I'm not sure you have a good enough heatsink for a quad. I know the zalman 9700 110mm heatsink has problems keeping the q6600 cool if it's over-clocked. You have a 92mm heatsink selected, if the 110mm one won't do it, I doubt the 92mm will. The zigmatek s1283 120mm rifle cooler is about the best you can get, and is only $5 more. Also, for the xigmatek, I recommend you get the retention bracket for it also, the push-pin connections aren't as good and screwing the cooler down to the motherboard.

http://www.newegg.com/Product/Product.aspx?Item=N82E16835233003

http://www.newegg.com/Product/Product.aspx?Item=N82E16835233019


----------



## jbunch07 (Sep 10, 2008)

Any reason why you choose to go with artic silver 5?

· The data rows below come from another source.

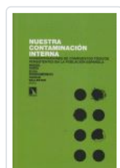
NUESTRA CONTAMINACION INTERNA PORTA, MIQUEL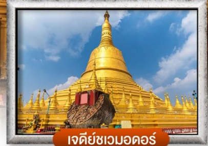
เจดีย์ชเวมอดอร์

เมนู สุดพิเศษ | กุ้งแม่น้ำเผา + บุฟเฟ่ต์นานาชาติ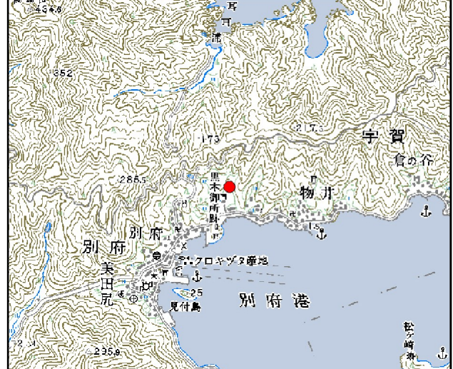
位置図※ 縮尺: 1/50,000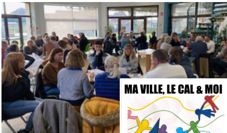
La journée d'échanges du Centre Social CAL Docteur Nuyts Jeudi 9 février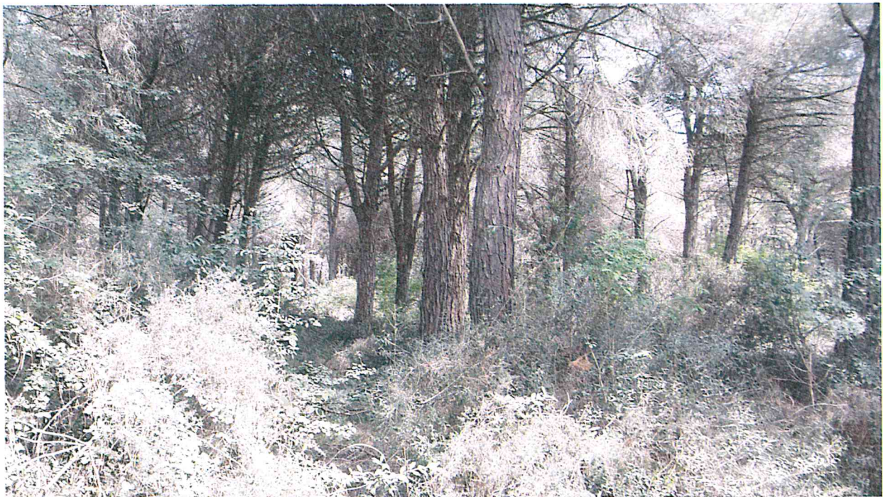
PARTICOLARE STAGGIO PERIMETRALE (VELATURA GIALLA)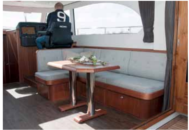
Blick in den hellen Salon mit L-förmiger Sitzgruppe und zugehörigem Tisch.

41 Sedan auf eine Durchfahrtshöhe von schlanken 2,43 m. Für die Festmacher stehen auf dem Vorschiff massive Doppelpoller, mittschiffs und am Heck zusätzlich je Seite drei Klampen zur Verfügung.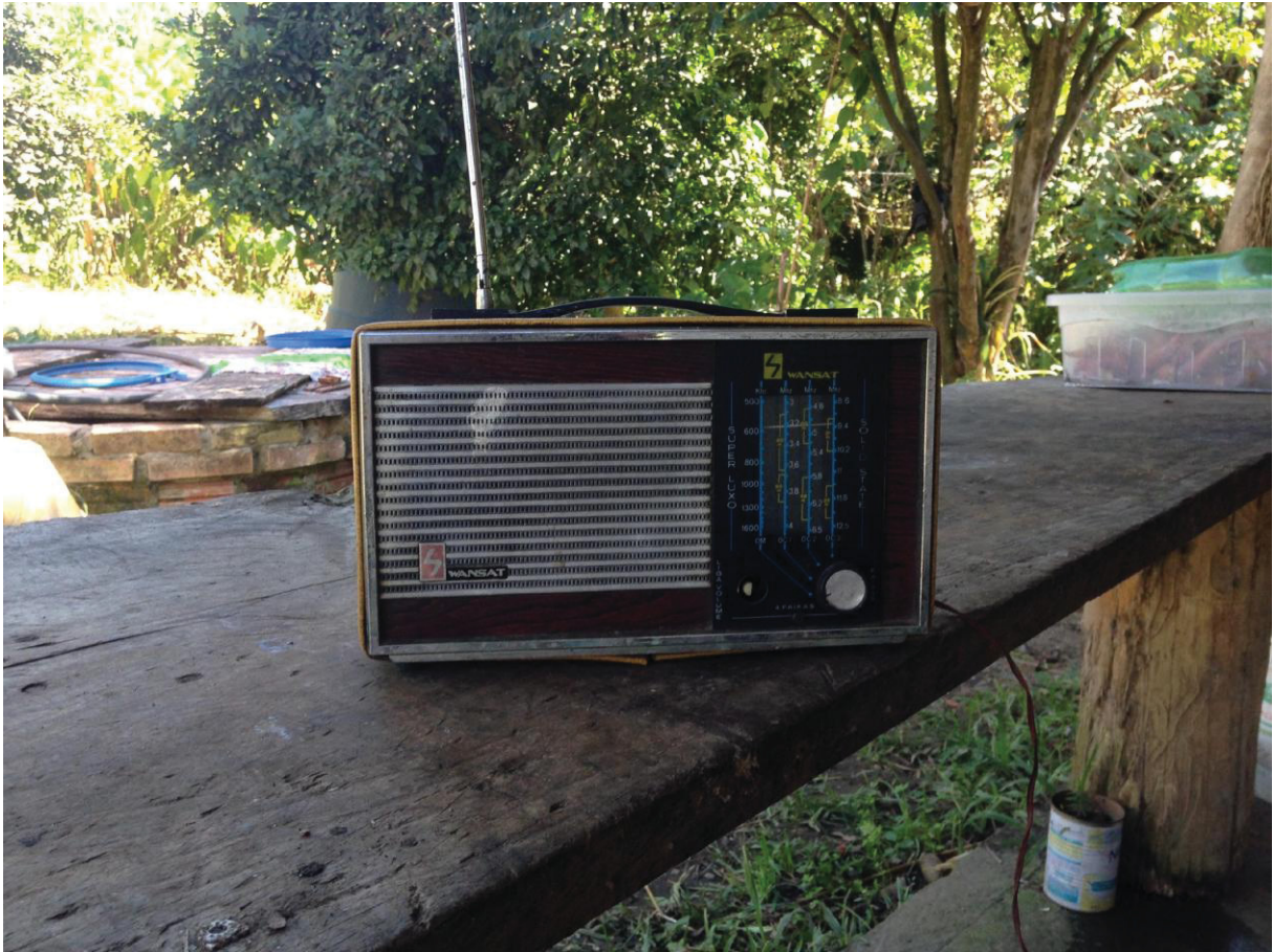
FIGURA 10 - NA ERA DO RÁDIO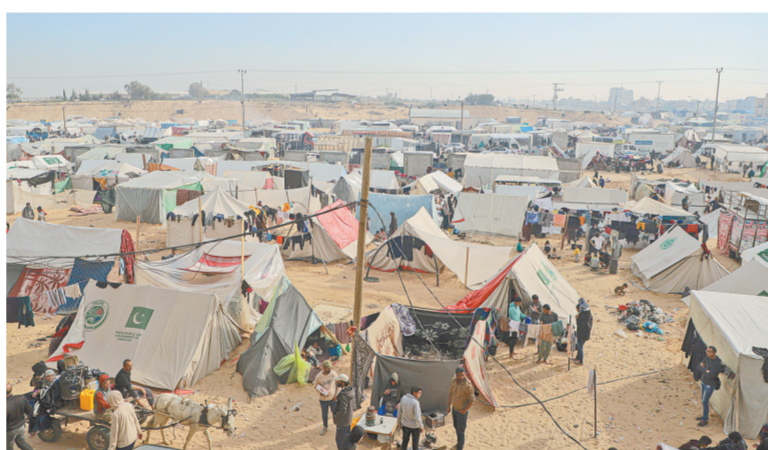
这是12月8日在加沙地带南部城市拉法拍摄的临时营地。联合国相关数据显示,本轮巴以冲突爆发以来,加沙地带已有超过180万人流离失所。

MX-2 wont dry overtime like as5 and is non conductive like as5

also does not require a burn in.


----------



## dstaiti (Sep 10, 2008)

i know nothing, i'm just doing what was recommended above.  first of all, i don't plan on oc'ing right now, down the road, who knows.  is the fan and paste critical to get now, or is it something I can add when/if I decide i'm going to overclock?

i picked the paste, again, because it is what was recommended in an earlier post on this thread.


----------



## BarbaricSoul (Sep 10, 2008)

I understand what your saying, but you did say you want to make it as future proof as possible. To keep upi with new tech, your gonna have to OC eventually. And considering that, why would you buy a heatsink that wont keep up when you can get one that will for only $5 more. If you didn't read the specs for the zalman, it says you have to get a retention bracket for it also for it to work with a lga775 socket motherboard.



> Compatibility: Intel Pentium 4 (Socket 478), AMD Duron / Athlon / Athlon XP (Socket 462), and Sempron / AMD64 (Socket 754/939/940) compatible design for broad compatibility. (To use this product on socket 775, ZM-CS1 must be purchased separately.)


----------



## jbunch07 (Sep 10, 2008)

dstaiti said:


> i know nothing, i'm just doing what was recommended above.  first of all, i don't plan on oc'ing right now, down the road, who knows.  is the fan and paste critical to get now, or is it something I can add when/if I decide i'm going to overclock?
> 
> i picked the paste, again, because it is what was recommended in an earlier post on this thread.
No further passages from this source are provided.